## What to work on
Make an exact copy of the listing below. Pictures stay out of it.

## Data below

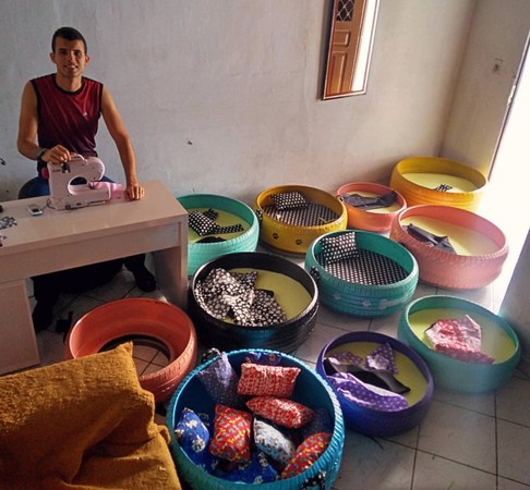中国台湾网3月19日讯 据台湾东森新闻云报道,废弃旧轮胎能做什么?住在巴西的阿玛里多(Amarildo Silva)将它们变成缤纷的宠物床,最近这些五颜六色的的作品在网络上不断被转发,网友们看了都说“好想要”。
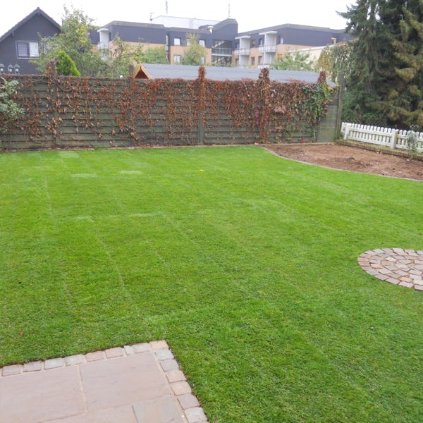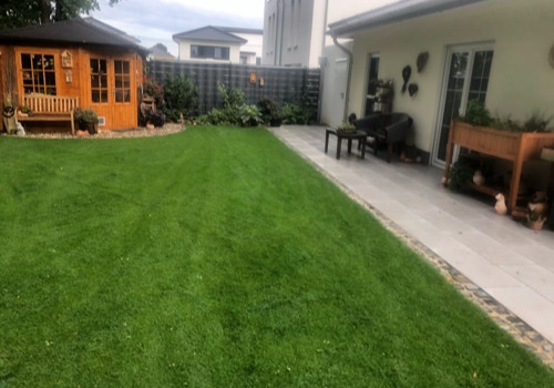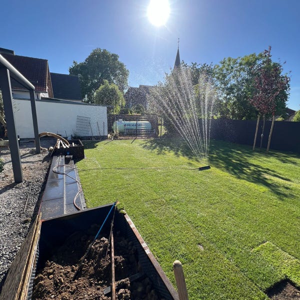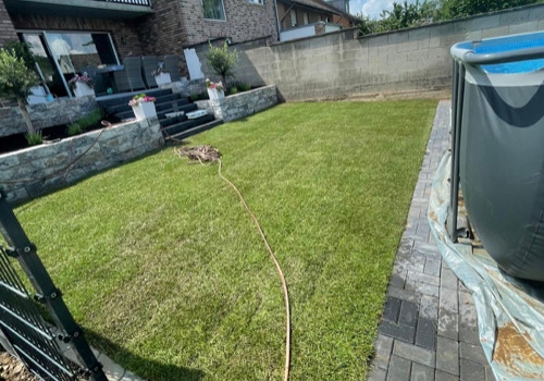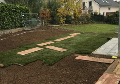 Für schnelle Ergebnisse verlegen wir hochwertigen Rollrasen, der nach
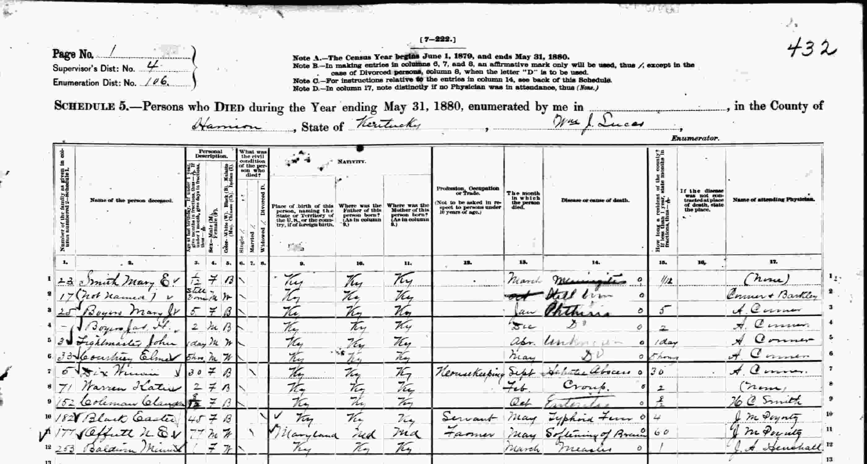 1880 Harrison County Kentucky Mortality Schedule, line 11 lists N. E. Offutt

## Worked solution
中国台湾网3月19日讯 据台湾东森新闻云报道,废弃旧轮胎能做什么?住在巴西的阿玛里多(Amarildo Silva)将它们变成缤纷的宠物床,最近这些五颜六色的的作品在网络上不断被转发,网友们看了都说“好想要”。
 Für schnelle Ergebnisse verlegen wir hochwertigen Rollrasen, der nach
 1880 Harrison County Kentucky Mortality Schedule, line 11 lists N. E. Offutt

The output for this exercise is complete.